The mayor hoped that the declaration would help to fast-track help for the National Health Service (NHS), which he described as "on the cusp of being overwhelmed" and running out of beds.
Mayor of London Sadiq Khan speaks during a vigil at Guildhall Yard in London on Monday to remember the London Bridge stabbing victims and honor members of the emergency services and bystanders who fought the attacker. (AP)
"If we do not take immediate action now, our NHS could be overwhelmed and more people will die," Khan said in a statement. "Londoners continue to make huge sacrifices and I am today imploring them to please stay at home unless it is absolutely necessary for you to leave."
"Stay at home to protect yourself, your family, friends and other Londoners and to protect our NHS."

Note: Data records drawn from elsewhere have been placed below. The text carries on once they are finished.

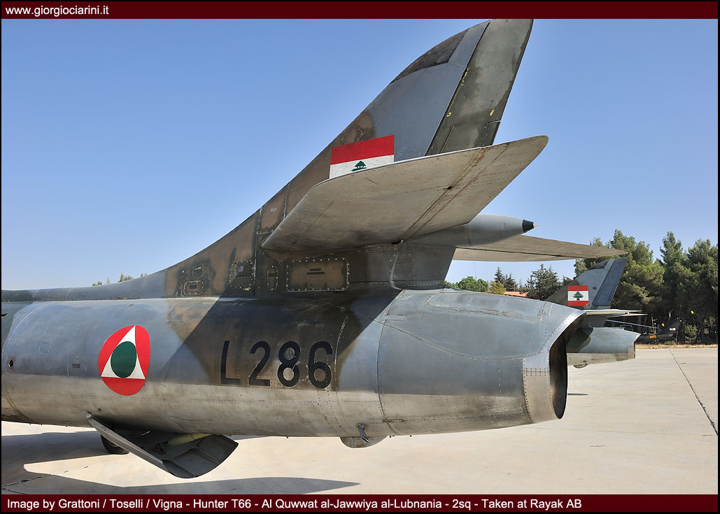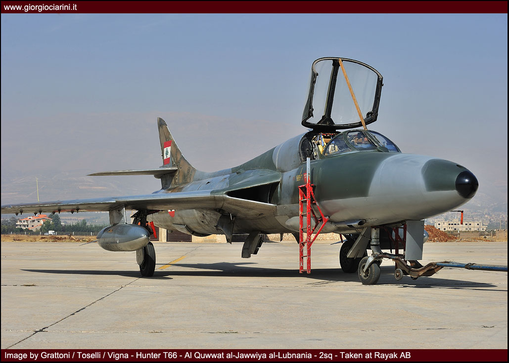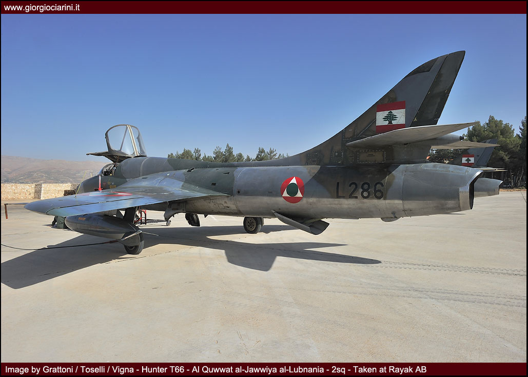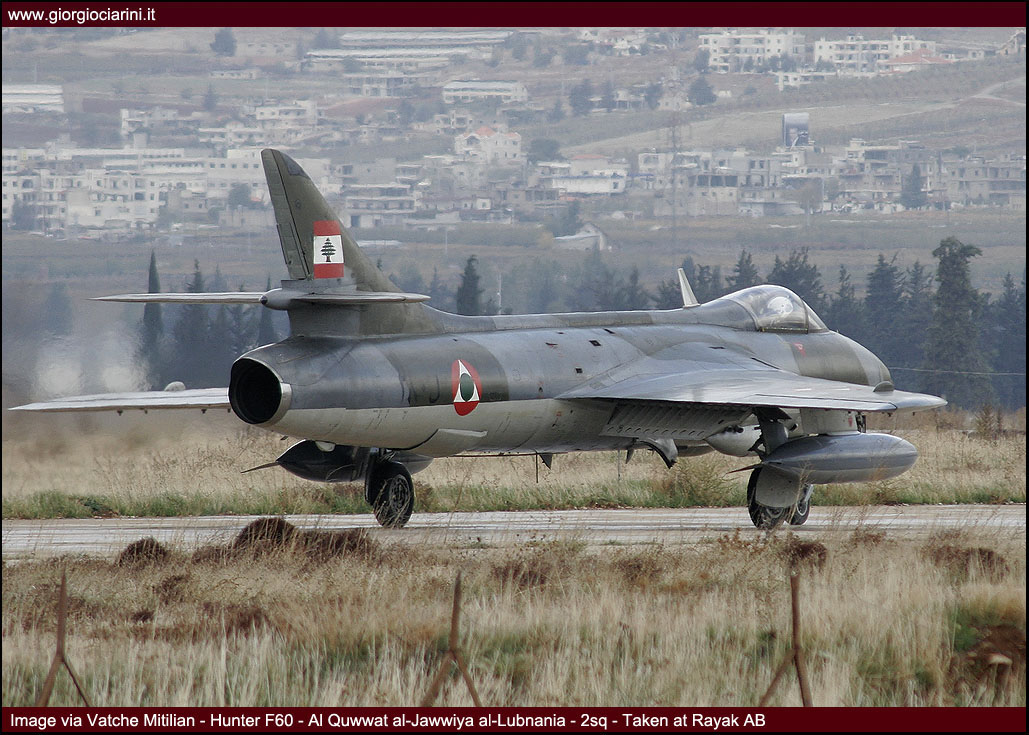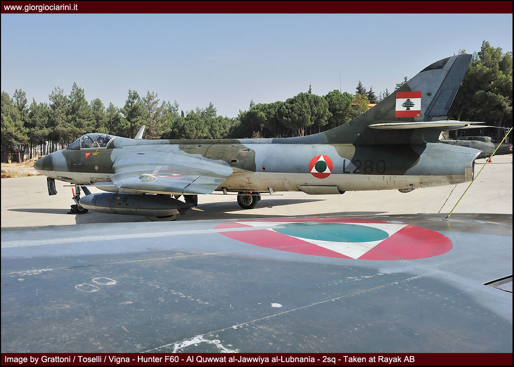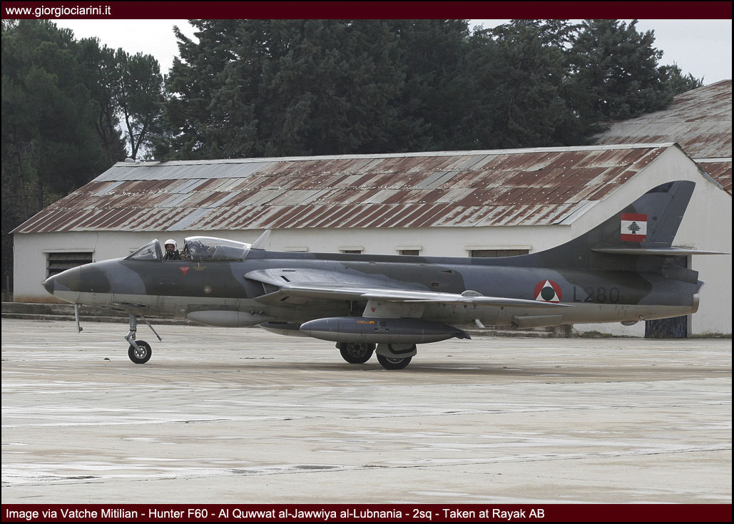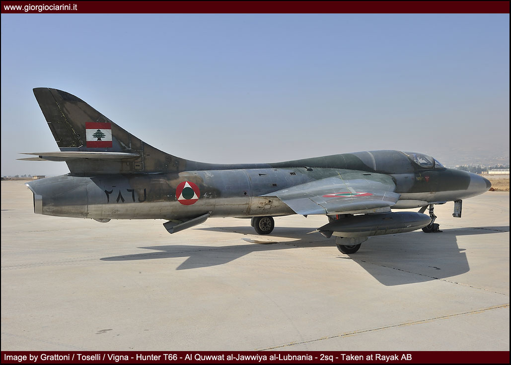 L’ottimo Hunter rappresenterà il più longevo ed anche il più amato aereo da combattimento entrato in servizio nella LAF, utilizzato intensamente in missioni di attacco al suolo nel 1973, 1976, 1983 e 1984 si trovò anche ad impegnare in combattimenti aria-aria i jet israeliani abbattendone uno. Per gli eventi bellici degli anni ’83-90 venne rischierato su quella che venne definita la base di Halat, una striscia autostradale a nord della capitale nei pressi di Byblos, assieme a Bulldog e Magister, dove mezzi e personale riuscirono a dimostrare grandi doti di flessibilità ed operatività. Perdite ed incidenti di volo (l’ultimo si verificò nel 1989) comportarono una riduzione considerevole del numero degli esemplari in linea, così nel 1994 dopo un inconveniente in decollo ad un biposto i superstiti otto Hunter vennero accantonati e conservati presso la base di Rayak. Nonostante la non giovane età e la penuria dei pezzi di ricambio, il buon Hunter fece di necessità virtù riapparendo nel novembre 2008 nelle linee di volo sulla spinta degli avvenimenti bellici: oggi sono solo quattro gli esemplari operativi di base a Rayak, tre F.70 (L-280, L-282, L-284) ed 1 T.66 (L-286), facendo così della FAL l’ultima Forza Aerea a far volare ancora questo stupendo aeroplano.
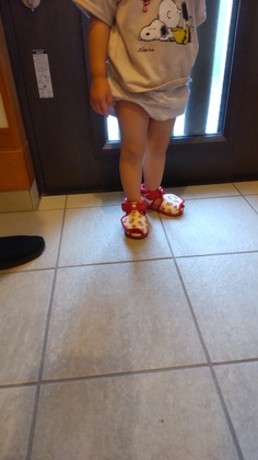 赤ちゃんに付きそって、パパとお姉ちゃんも来てくれました。お姉ちゃんは赤ちゃんの時に出会ってから2年ぶりかな。このお靴見せるの。と履いて来てくれたそうです。
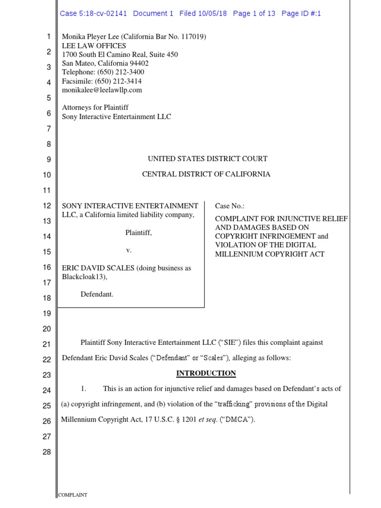 Monika Pleyer Lee (California Bar No. 117019) LEE LAW OFFICES 1700 South El Camino Real, Suite 450 San Mateo, California 94402 Telephone: (650) 212-3400 Facsimile: (650) 212-3414 monikalee@leelawllp.com Attorneys for Plaintiff Sony Interactive Entertainment LLC UNITED STATES DISTRICT COURT CENTRAL DISTRICT OF CALIFORNIA SONY INTERACTIVE ENTERTAINMENT LLC, a California limited liability company, Plaintiff, v. ERIC DAVID SCALES (doing business as Blackcloak13), Defendant.
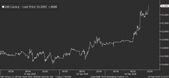 Klíčovým faktorem za dnešním růstem nervozity se zdá být opět dění na měnách emerging markets ekonomik. Výrazně ztrácí hlavně argentinské peso, jehož cena se dnes propadá o více než 4 %. Pod tlakem je ale i turecká lira nebo jihoafrický rand, který doplácí na dnešní makro, podle něhož se jihoafrická ekonomika začíná propadat do recese. Tamní HDP se propadlo o 0,7 % a ještě více tak podrylo již tak klesající důvěru v sílu jihoafrické měny.
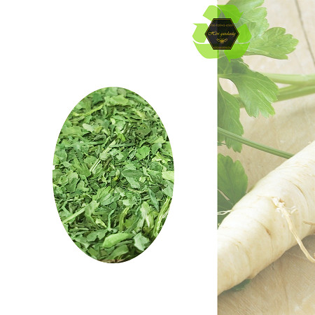 Környezettudatos gazdaságunk terméke. Saját termesztésű petrezselyemből, kézműves darabolással, szárítással, válogatással.

The declaration does not provide the mayor or authorities with additional powers, but it provides for easier coordination and ability to demand more help from Westminster, according to the Guardian.
More than anything, the move is seen as a symbolic one to make clear to London residents just how severe the situation in their city is.
Khan told BBC reporter Karl Mercer that the number of Londoners with COVID-19 is as high as 1 in 20 in some parts of London, while the Office for National Statistics lists the estimate at 1 in 30.
Khan also claimed that there are more than 7,000 people in hospital with COVID-19, which is a 35% increase over the previous peak.